The main LTO related change of GCC 8 was the completion of early debug infrastructure. This fixed the last real showstopper and enabled number of cleanups in the implementation by properly separating the intermediate language used by GCC (Gimple) from the debug information (which is now turned into DWARF early and, in large part, copied through into final executable).
In GCC 9 we was finally able to fine-tune the infrastructure by dropping a lot of data previously used for debug-info generation from the LTO streams. We plan to make LTO more mainstream now.
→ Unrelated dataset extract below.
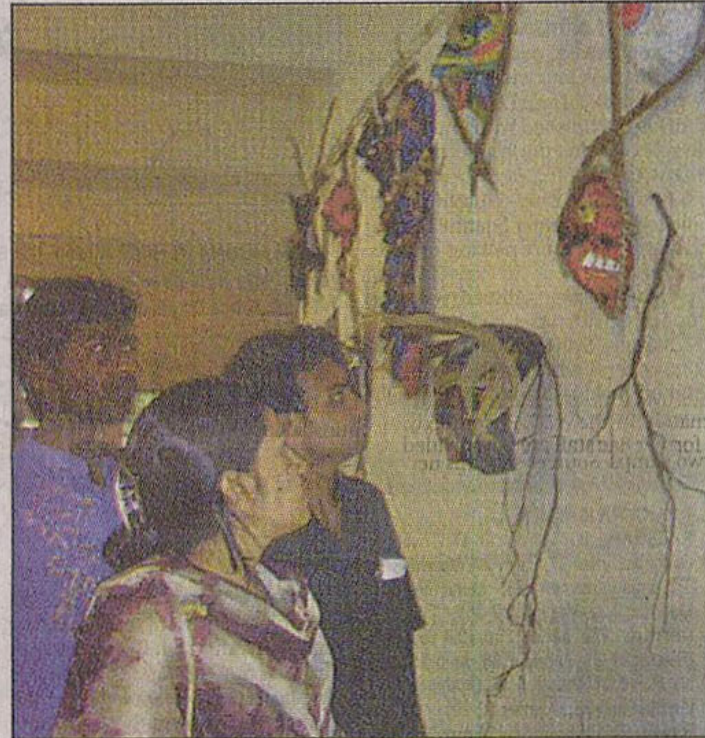
Visitors at the mask exhibition

Enabling LTO by default for OpenSUSE Tumbleweed
LTO in GCC was always intended to become default mode of compilation for release builds (rather than being limited to high performance computing and benchmarks). We believe that things are ready now (and basically since GCC 8 already).At SUSE we work on turning LTO by default for OpenSUSE Tumbleweed. Martin Liška did a lot of work to get working staging build with LTO and plan to do the switch after GCC 9 lands Tumbleweed which should not be too long after the release. Initial tests looks promising - only about 150 packages needs LTO disabled so far.
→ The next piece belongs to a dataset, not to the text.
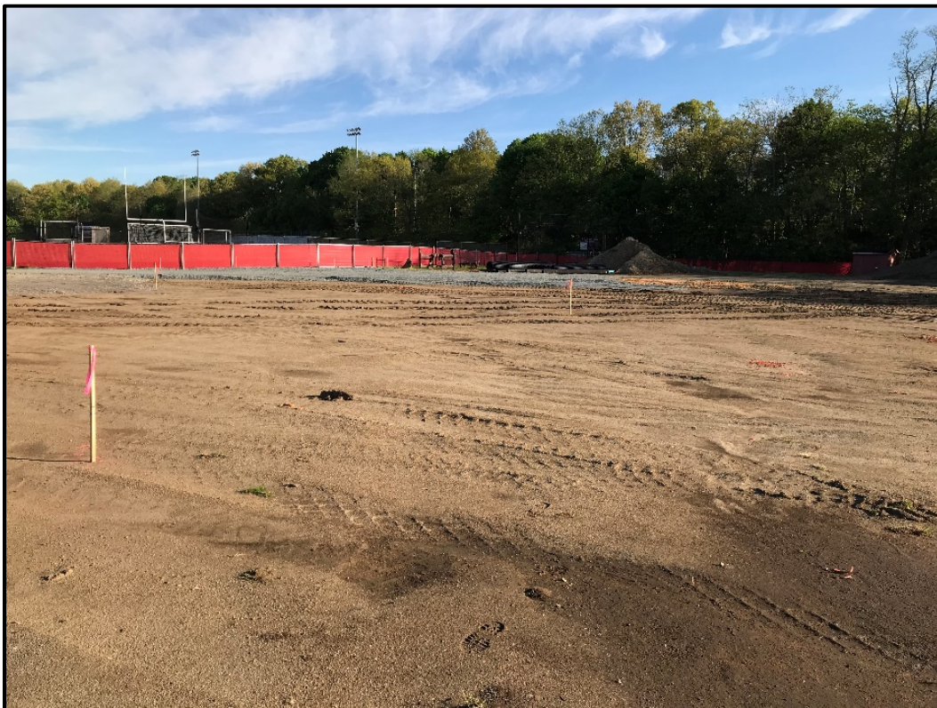
Photograph 6: Rear Parking Lot

The resulting Linux distro works and passes testing. So far we just gathered data on the size of individual binaries in the system.
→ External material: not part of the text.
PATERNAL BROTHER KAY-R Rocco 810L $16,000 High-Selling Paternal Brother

The overall size of installed binaries decreases by 5% and debug info size by 17%. Note that these numbers include also packages not built with LTO (for example go that uses its own compiler) and packages that use LTO by default already (like LibreOffice). Thus the real savings for enabling LTO are higher than this.
Histogram of binary size changes comparing GCC 9 without LTO to GCC 9 with LTO. |
- 65% binaries (counted as portion of overall size, not number of files) decrease in size by more than 1%. Some of them quite substantially.
- 12% of binaries does not change at all. This may be due to fact that they are built without LTO, built by other compiler than GCC or there is a configure problem. I have removed the five biggest offenders before producing the histogram: go, postgress, libqt-declarative, boost-extra and skopeo.
- 8% of binaries increase in size by more than 1%. Some of them because of aggressive optimization flags, but there are cases which seems like build machinery issues. For example all binaries in python-qt packge increase 27 times!
Similar experiments are also done by Gentoo. Mandriva also switched from GCC non-LTO to LLVM LTO for their builds, but there seems to be no quality data available. It would be very interesting to get some comparison done.
What is new in GCC 9?
Changes motivated by Firefox benchmarking
Around Christmas I've spent quite a lot of time testing Firefox with GCC and comparing it to Clang builds using the official Firefox benchmark servers. My findings are discussed in this post.Overall GCC 8 seemed to compare well to GCC 6, GCC 7, Clang 6,7 and 8 builds. Most importantly leading to significantly smaller and measurably faster binaries than Clang 7 when profile feedback and LTO is used. This became default for some distributions including RedHat. Funnily enough, SUSE still does not build with profile feedback but LTO was enabled. What needs to be resolved is to get Firefox train run working in the containers used by SUSE's build service.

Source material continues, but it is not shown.